No wonder his followers were called People of the Way - as he passed by he called on people to join him - and they put down their nets and they followed. Theirs was a journey like no other - they witnessed healing. they witnessed miracles, they saw multitudes of people, they listened to teachings they had not heard before. They followed a way of life they had never known before. All the restrictions were gone - no sabbath rules, no class distinction, they eat with the fallen and the outcasts. There were no mothers and fathers, no gender discrimination. Theirs was a transcendent life of brotherhood and sisterhood - people on the way - following the light of their mysterious teacher. Told about a God who only loved - and loved all - the broken as well as the strong,

And even though this great adventure ended in the death of their beloved leader, nothing was ever going to put out the light that he had brought to their lives - no wonder he was the light of the world. It was a new world - a land beyond anything they had ever known before.

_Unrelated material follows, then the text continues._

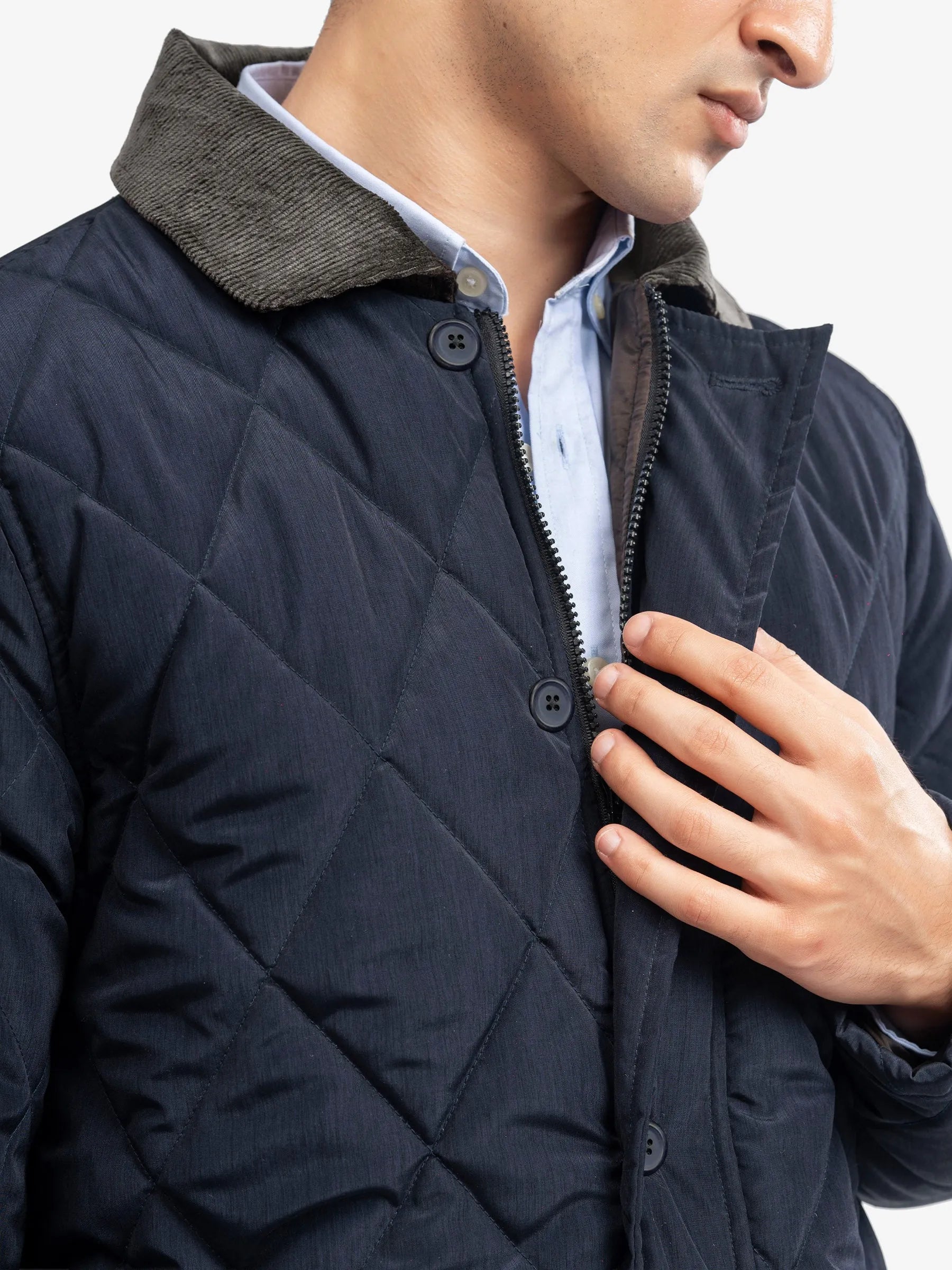 Navy blue sports quilted long jacket with a corduroy collar blends sleek warmth with a refined look. Crafted with heavy quilting for everyday comfort, it features a soft corduroy collar and a clean longline fit. Perfect for smart-casual layering from weekdays to weekends.

It was never going to be a revolution - not for many more years - and then it was never going to be quite the same - but the light stayed. The song of life could live on in the story of that journey.

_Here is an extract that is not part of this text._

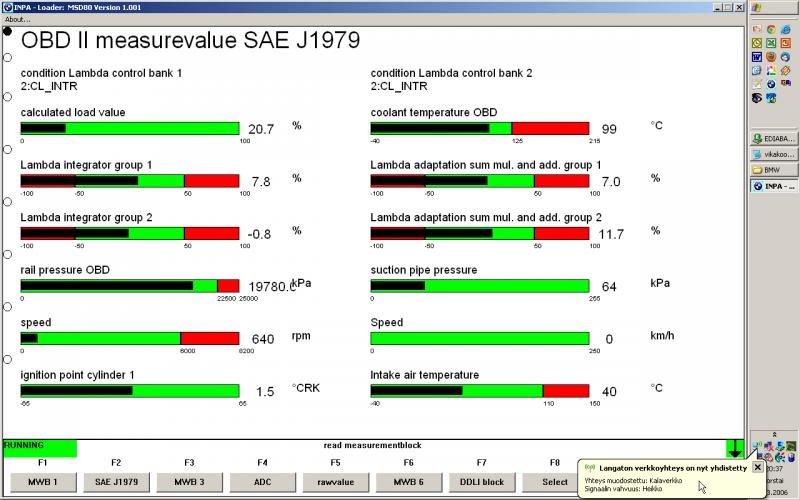- cylinder rough running arvoissa (-0.5 ja +0.5 välillä huojuntaa eri sylintereissä)

For whatever has become of christianity since - the fact that it has become an institution - that the institution fragmented into many parts and many beliefs - that the teachings are no longer live teachings given on a hillside or in the quiet of an upper room - but have been turned into learned texts, added to and amended and long commentaries written on what they might have really meant.- the essence of that first journey remains.

We need to be pilgrims. We need our whole lives to be a journey to some sacred space. We don’t have to set out on the open road. We don’t have to think that the goal is all. It is more important to travel than to think only of the end. It is the journey that changes lives more than the goal. To travel without feeling the beauty of the world or passing time with strangers or dining with friends is not a pilgrimage at all.

Pilgrimage is about enriching the soul, discovering the song of life. To find that sacred space within our own being, our own lives.

One of the words that is used to describe our modern fast moving, no longer walking world but speeding world is brokenness.

They talk of a broken world filled with broken people - the sad and disappointed, the sick and the disillusioned, the soulless and the listless. Broken people in a broken world an with nowhere to go. People feeling in the way rather than on the way and people broken on the wheel of life not going anywhere.

To heal broken spiritsd and broken lives the spiritual pilgrimage awaits - the journey that walks alone but talks to strangers and tells its story and listens to stories of others. The pilgrim will discover that the goal of life is within ourselves. The way of truth, the way of life, the way of true religion - the way of love for one another is under our feet. The God of Love is within and the God of Love is all around. We can sing the song of life wherever that way leads us.